Security Council composition
- Permanent members: China; France; Russia; United Kingdom; United States;
- Non-permanent members: Algeria; Argentina; Benin; Brazil; Denmark; Greece; Japan; Philippines; Romania; Tanzania;

= United Nations Security Council Resolution 1589 =

United Nations Security Council resolution 1589, adopted unanimously on 24 March 2005, after reaffirming all resolutions on the situation in Afghanistan, particularly Resolution 1536 (2004), the council extended the mandate of the United Nations Assistance Mission in Afghanistan (UNAMA) for an additional period of twelve months until 24 March 2006.

==Resolution==
===Observations===
The security council reaffirmed its commitment to the sovereignty, territorial integrity, independence and unity of Afghanistan and welcomed the holding of a presidential election in October 2004. It stressed the need to tackle challenges in the country, including narcotics, terrorism, the lack of security, reform and development, human rights, nationwide disarmament programmes and illegal armed groups. The council also reaffirmed its support for the 2001 Bonn Agreement, Berlin Declaration and Kabul Declaration on Good-Neighborly Relations.

===Acts===
The security council renewed the mandate of UNAMA for an additional twelve months from the date of the adoption of the current resolution. The Afghan authorities were urged to put in place a representative electoral process, while stressing the importance of upcoming elections which required further contributions to the International Security Assistance Force (ISAF).

The resolution welcomed progress in setting up the new Afghan Parliament, progress in the disarmament, demobilisation and reintegration programme and a national drug control strategy. Meanwhile, efforts to combat the illegal drug trade by the Afghan authorities were welcomed by the council. UNAMA was required to continue supporting the development of a transparent and fair justice system.

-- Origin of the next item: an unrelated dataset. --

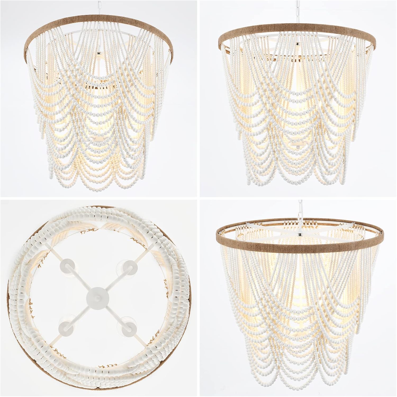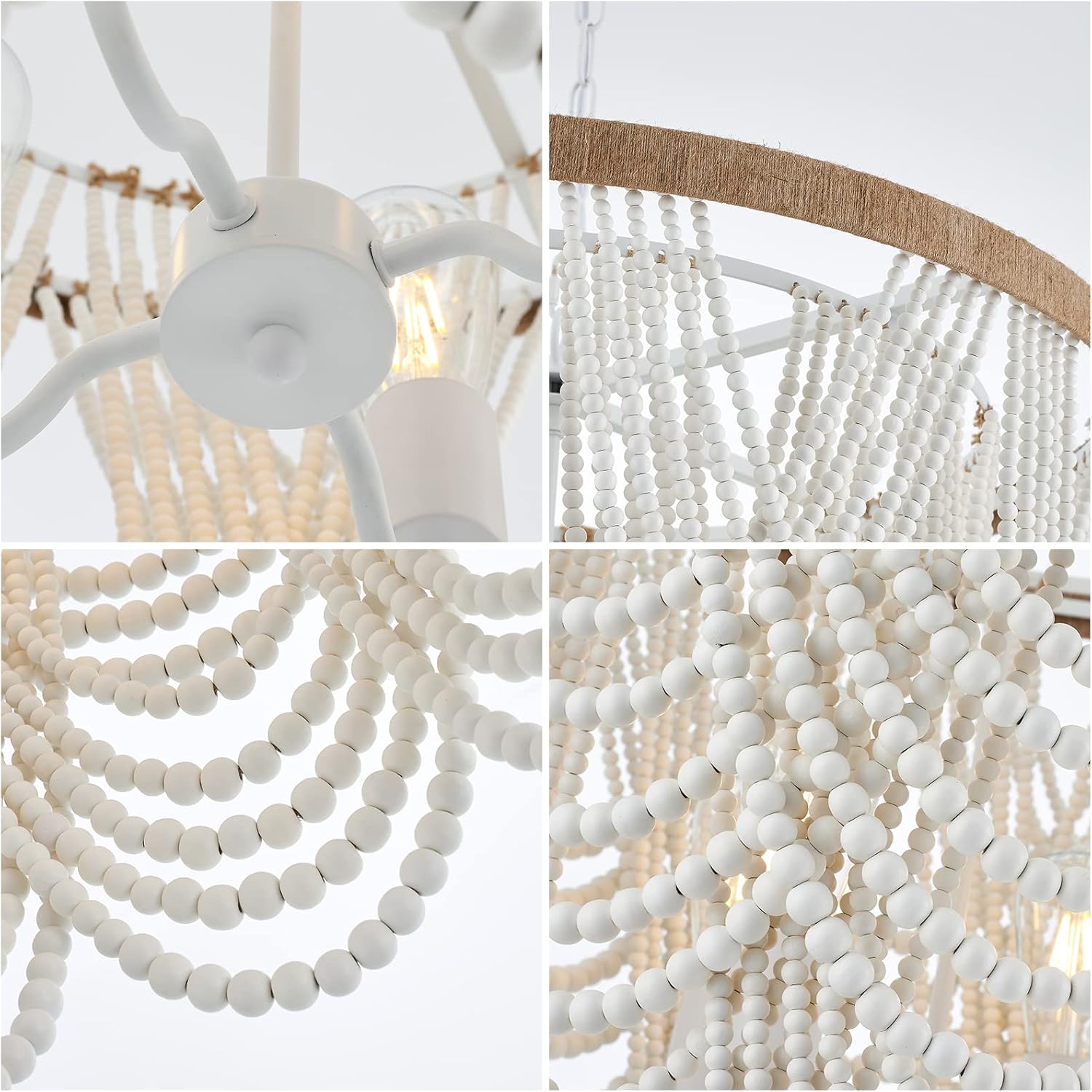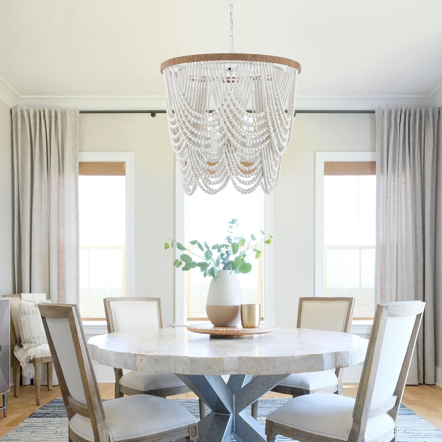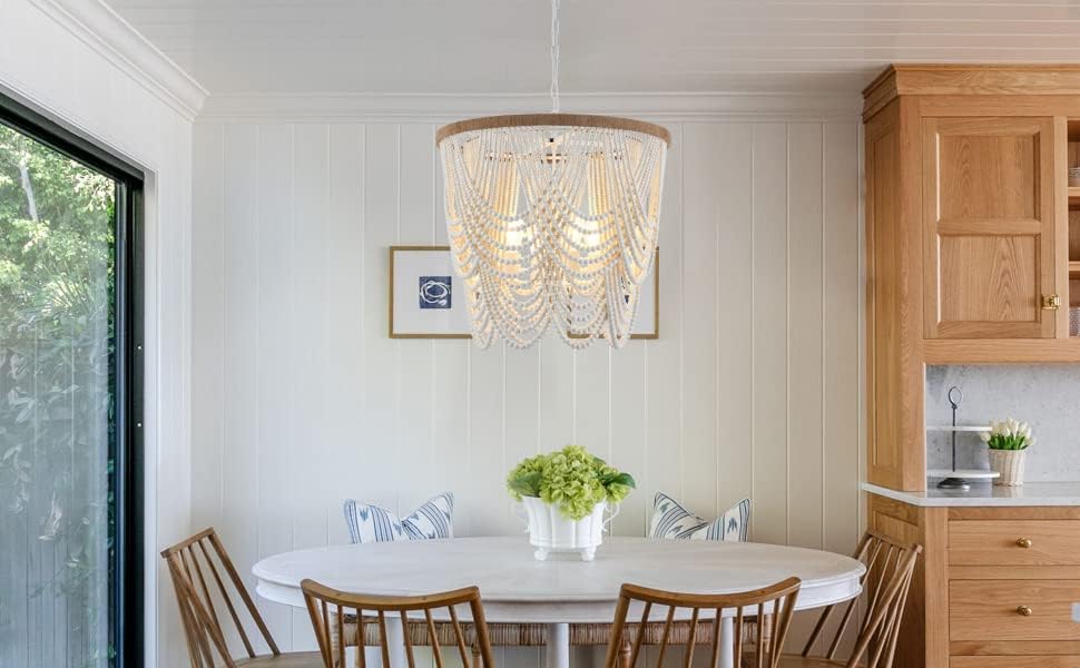 ELYCCUPA 26u201D Boho Wood Beaded Chandelier Rustic Farmhouse Pendant Light 4-Lights Large Coastal Chandelier for Living Room Dining Room Foyer Entryway Bedroom, Oak White, E26, UL Listed

The security council called for respect of human rights and international humanitarian law throughout Afghanistan, calling on UNAMA to assist in the implementation of human rights aspects of the Afghan constitution. Furthermore, the development of the Afghan National Army and Afghan National Police was welcomed by council members, while ISAF, including Operation Enduring Freedom, was asked to address the threat of terrorism, factional violence and criminal activities in the country.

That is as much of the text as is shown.